WORK TASK: No line before the one holding "Officials credited life-saving" is wanted; restate word for word that line and all lines after it to the end of the entries, excluding pictures.

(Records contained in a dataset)
════════════════════
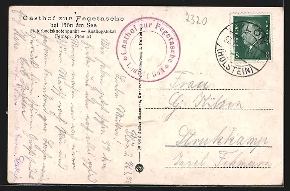 AK Plön am See /Holst. Schweiz, Gasthof zur Fegetasche
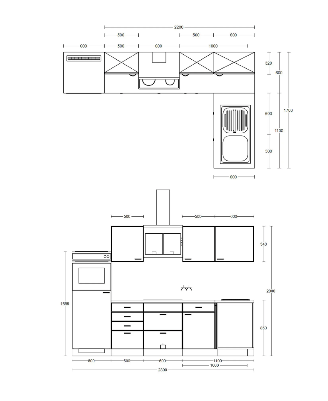 KSA 60 B: Kochstellenunterschrank 60 cm, feste Blende, 2 Auszüge
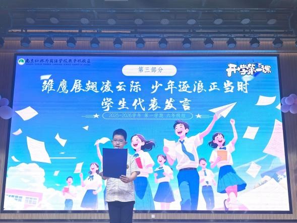 新學期伊始,為助力六年級學子以最佳狀態(tài)迎接小升初沖刺,南京仙林外國語學校燕子磯校區(qū)小學部六年級于 9 月 4 日中午召開“雛鷹展翅凌云際 少年逐浪正當時”開學第一課動員大會。六年級全體師生齊聚劇場,在莊重而熱烈的氛圍中,共同開啟新學期的奮斗篇章。
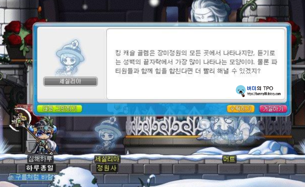 o. 세실리아의 마지막 임무는 킹 캐슬 골렘을 처치하는 것입니다. 킹 캐슬 골렘은 장미정원 모든맵에서 랜덤하게 출현하며 채널이동으로 이미 출현한 골렘을 잡는 것이 가장 좋은 방법입니다. 만약 장미정원을 돌아다녀도 골렘이 없다면 한 맵에서 계속 몬스터를 사냥하면 출현합니다. 킹 캐슬 골렘을 처치하고 다시 세실리아에게 돌아갑시다.
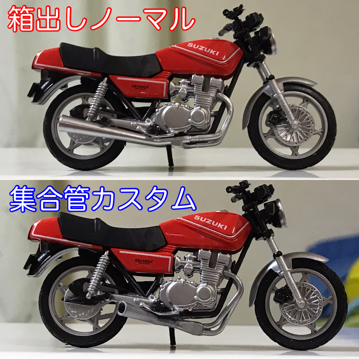 このところ嵌っている1/24スケールのバイクカスタム本日のお題は、GSX400でっす!で、余剰のゼファーの集合管を徴用、途中で切って角度変更で、こうなった〜お手軽とは書きましたが、実のところそれほどお手軽ではなかったりして〜ちゃんちゃん
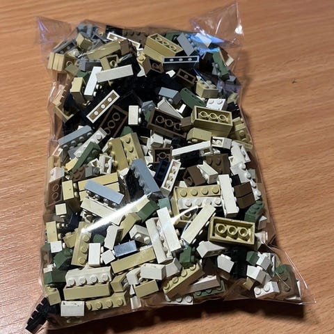 Parti med Modulex klodser i forskellige farver og størrelser. Vægten er 2623 gram. Der medfølger også en sorteringsbakke og et skilleredskab
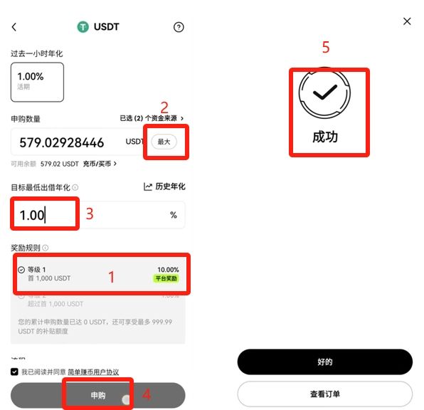 这里我们点击“最大”,勾选同意,“目标最低出借年化”我们可以填一下,比如1%,这样基本上都是一定会借的出去,都打好之后我们就可以点击【申购】。这样就申购成功了,有手就行,你不用其他操作,他就会把利息发给你。
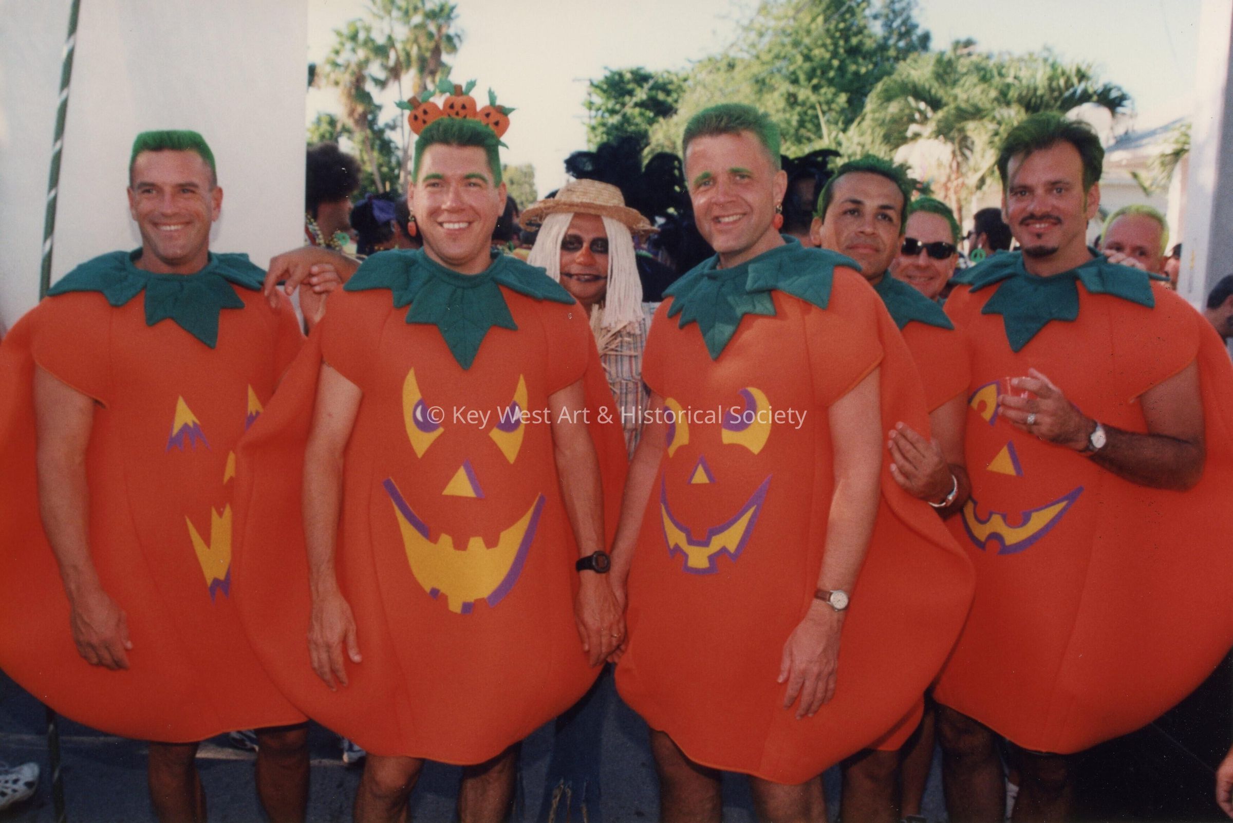 Unknown people dressed up as pumpkins.
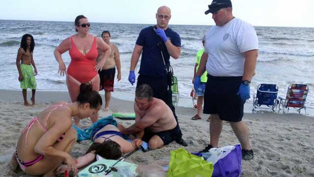Officials credited life-saving efforts by beach bystanders. Both victims were airlifted to a Wilmington hospital on Sunday night with life-threatening injuries and underwent surgery.
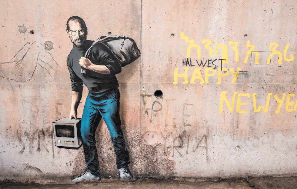 In response to many countries closing off their borders to Syrian refugees during the European Migrant Crisis, Banksy depicted a mural of Steve Jobs, the son of a Syrian migrant saying that "We're often led to believe migration is a drain on the country's resources...but Apple is the world's most profitable company, it pays over $7B a year in taxes--and it only exists because they allowed in a young man from Homs." In painting this mural, Banksy hopes to create awareness of the millions of refugees that desperately need our help.
════════════════════
ANSWER FOR THE TASK:
Officials credited life-saving efforts by beach bystanders. Both victims were airlifted to a Wilmington hospital on Sunday night with life-threatening injuries and underwent surgery.
 In response to many countries closing off their borders to Syrian refugees during the European Migrant Crisis, Banksy depicted a mural of Steve Jobs, the son of a Syrian migrant saying that "We're often led to believe migration is a drain on the country's resources...but Apple is the world's most profitable company, it pays over $7B a year in taxes--and it only exists because they allowed in a young man from Homs." In painting this mural, Banksy hopes to create awareness of the millions of refugees that desperately need our help.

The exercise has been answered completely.